Pour mieux vous protéger ou détecter ces failles :
Tableau : Les outils de pentesting associés aux 7 couches OSI
Le but ici n’est pas de vous transformer en hacker du jour au lendemain, mais de comprendre une chose importante :
Les outils de sécurité ne tombent pas du ciel. Ils ciblent un niveau précis du réseau.
Voilà donc un tableau pratique qui relie Modèle OSI et outils de pentesting, couche par couche.
| Couche OSI | Objectif en pentest (en bref) | Outils souvent utilisés |
|---|---|---|
| 7 Application | Tester un site, une API, l’authentification, les failles web | Burp Suite, OWASP ZAP, sqlmap, Nikto, Gobuster, ffuf, Nuclei, WPScan |
| 6 Présentation | Tester TLS/SSL, certificats, qualité du chiffrement | testssl.sh, OpenSSL, SSLscan, sslyze |
| 5 Session | Analyser cookies, sessions, risques de vol de session | Burp Suite, Wireshark, mitmproxy, Bettercap |
| 4 Transport | Scanner ports/services, identifier les protocoles | Nmap, Masscan, Netcat, hping3 |
| 3 Réseau | Découverte réseau, routes, IP, ICMP, analyse paquets | Wireshark, Scapy, traceroute, ping, Netdiscover |
| 2 Liaison | Attaques LAN, ARP spoofing, écoute réseau local | Ettercap, Bettercap, arpspoof, macchanger |
| 1 Physique | Wi-Fi, accès matériel, capture de signal | Aircrack-ng, Kismet, hcxdumptool |
Ce que vous devez retenir pour vraiment progresser
Le Modèle OSI n’est pas un truc à apprendre par cœur comme une poésie. Son vrai pouvoir, c’est de vous donner une méthode pour comprendre.

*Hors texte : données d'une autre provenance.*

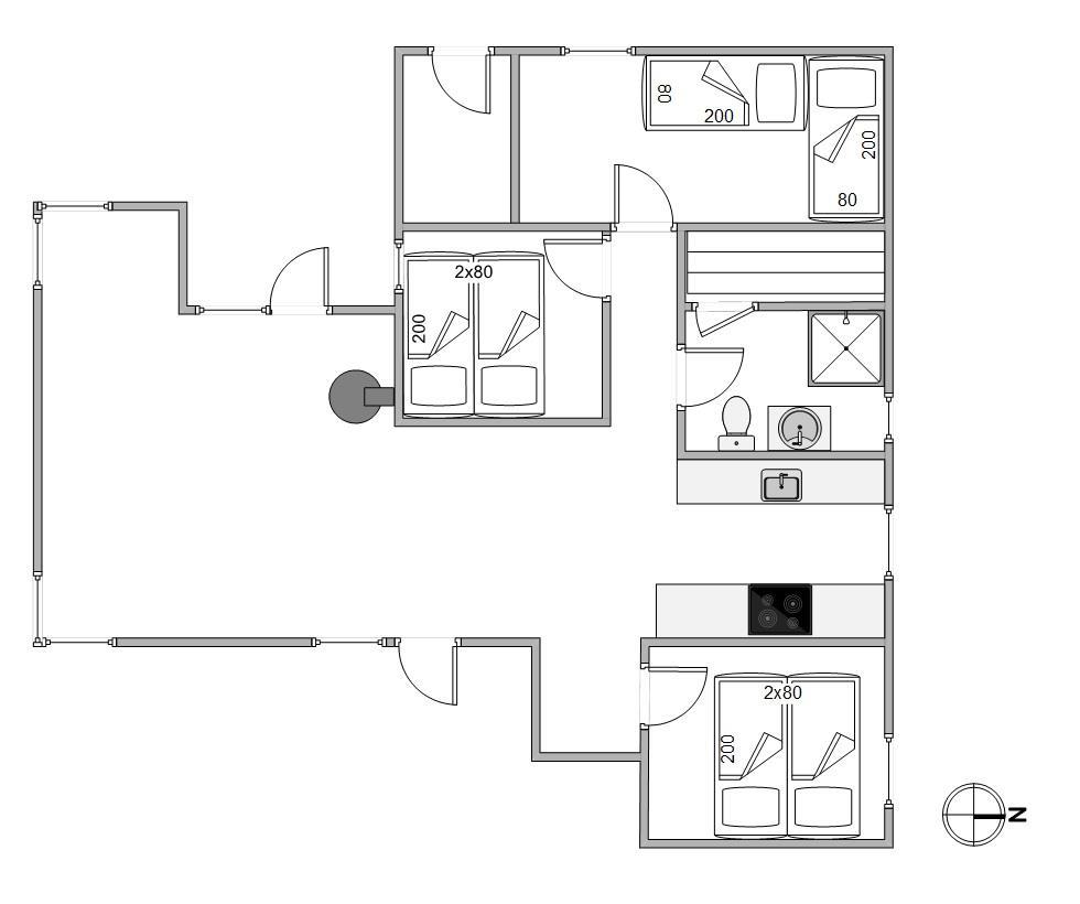 Den hyggelige stue har store vinduespartier, som inviterer både solen og naturen indenfor, så I hele tiden fornemmer den flotte natur og sommerhusområdet omkring jer. På de lidt køligere dage kan I derfor betragte den betagende natur, selv om I tager en afslapningsdag med sofahygge, familiespil og varm kakao foran den knitrende ild i brændeovnen.
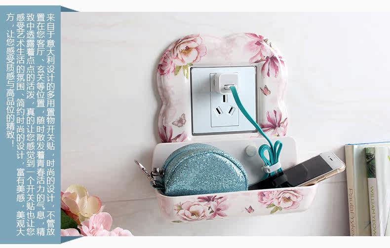 欧式多用开关贴 创意插座贴 开关墙贴保护套带置物篮

Quand quelque chose ne marche pas ou que vous souhaitiez analyser ses failles, votre cerveau veut paniquer et “cliquer partout”. Avec les 7 couches OSI, vous pouvez au contraire remonter calmement :
- Est-ce que je suis connecté ?
- Est-ce que le réseau local fonctionne ?
- Est-ce que j’ai une IP ?
- Est-ce que le DNS répond ?
- Est-ce que le port est ouvert ?
- Est-ce que le navigateur bloque ?
- Est-ce que l’application renvoie une erreur ?
Et là, vous commencez à réfléchir comme un vrai pro.
Le Modèle OSI, votre anti-panique réseau
Au début, le Modèle OSI peut donner l’impression d’être un concept scolaire, un peu théorique, presque “inutile”. Pourtant, c’est exactement l’inverse. C’est un outil simple qui vous apprend à penser correctement face à un réseau, et ça… ça vaut de l’or.
Le plus beau dans l’histoire, c’est qu’une fois que vous avez intégré les 7 couches OSI, tout le reste devient plus facile. Les mots comme “TCP”, “DNS”, “HTTPS”, “port 443” ou “certificat SSL” ne sont plus des mots intimidants. Ils deviennent des pièces d’un puzzle logique.
Si vous continuez à apprendre le réseau, la cybersécurité ou même le développement web, le Modèle OSI restera toujours là, comme un plan de métro. Vous ne connaissez pas forcément toutes les stations par cœur, mais vous savez comment vous repérer, et surtout comment arriver à destination sans tourner en rond.